How—?” Her face turned a shade of lavender that did not match her dress. She
seemed to be choking on something.
“Are you alright?” asked Corry.
“No!” she exploded. “You dare—? You
had no right to take it!”
“You did throw it away,” said
Corry. “You nearly brained me with it.”
She was still speaking. “How did you
leave your world?”
“The same way you left it, I
suppose. And anyway, it’s not my world. Didn’t you say yourself that I spoke
your language? I came from this world, only…I seem to have lost my memory.” He
watched her jaw working. “What’s so important about the flute?”

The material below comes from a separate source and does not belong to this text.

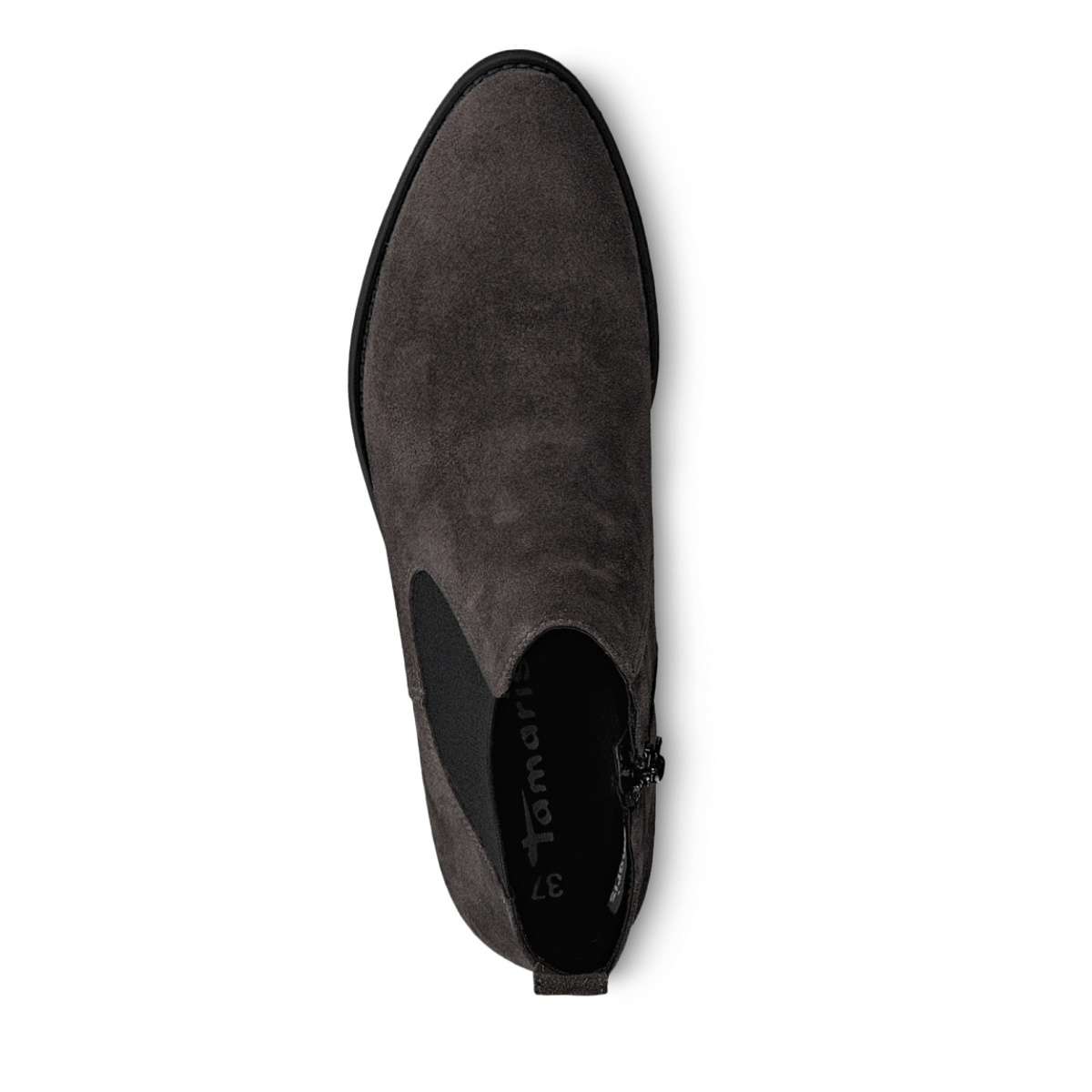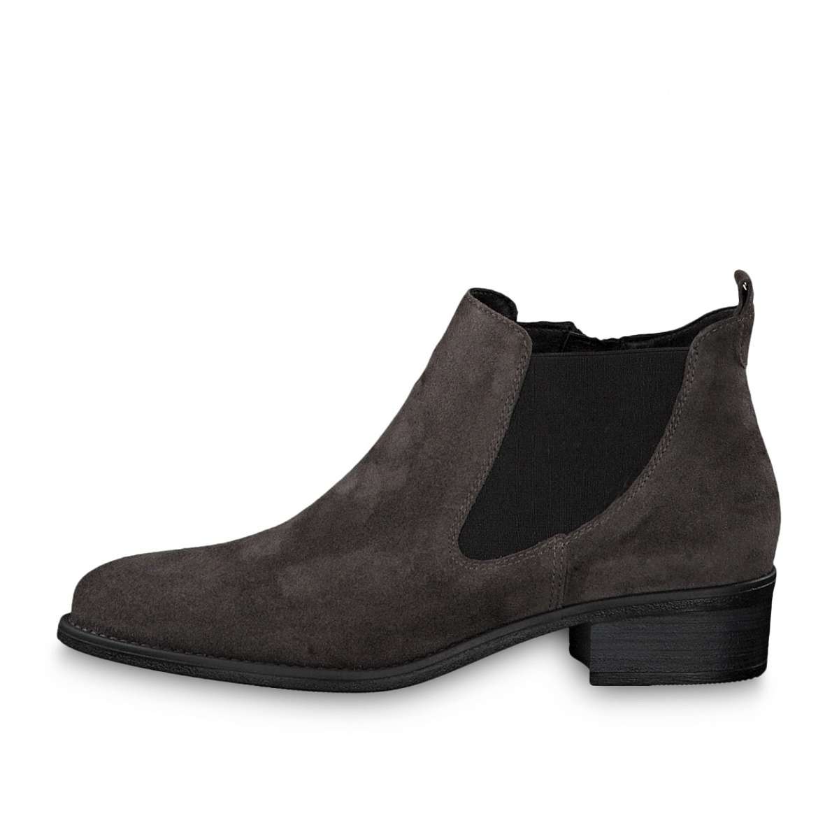 Dámská kotníková obuv TAMARIS se semišovým povrchem z pravé kůže v tmavě šedém provedení, jistě potěší každou moderní ženu. Pro snadné obutí je na vnitřní straně funkční zip a po boku pružná vsazená guma. Můžete je skombinovat se sukní nebo kalhotami a stále budou vypadat úžasně.

“Silence!” Capricia drew a deep
breath. “The hall is no place to speak of this.” She took his arm as though she
meant to have it off at the elbow and led him at an uncomfortably speed along a
maze of corridors.
At last they started up the winding
steps of a tower. Corry was panting by the time they reached the top. He saw a
little room, lined on three sides with bookshelves. In the remaining wall, a
large window gave an open-air view of the city. Before the window stood a desk,
piled with books and serviced with a comfortable looking chair.
“Whose library is this?” asked
Corry.
“Mine.” Capricia closed the door behind her and clicked the bolt into place. “Now tell me everything!”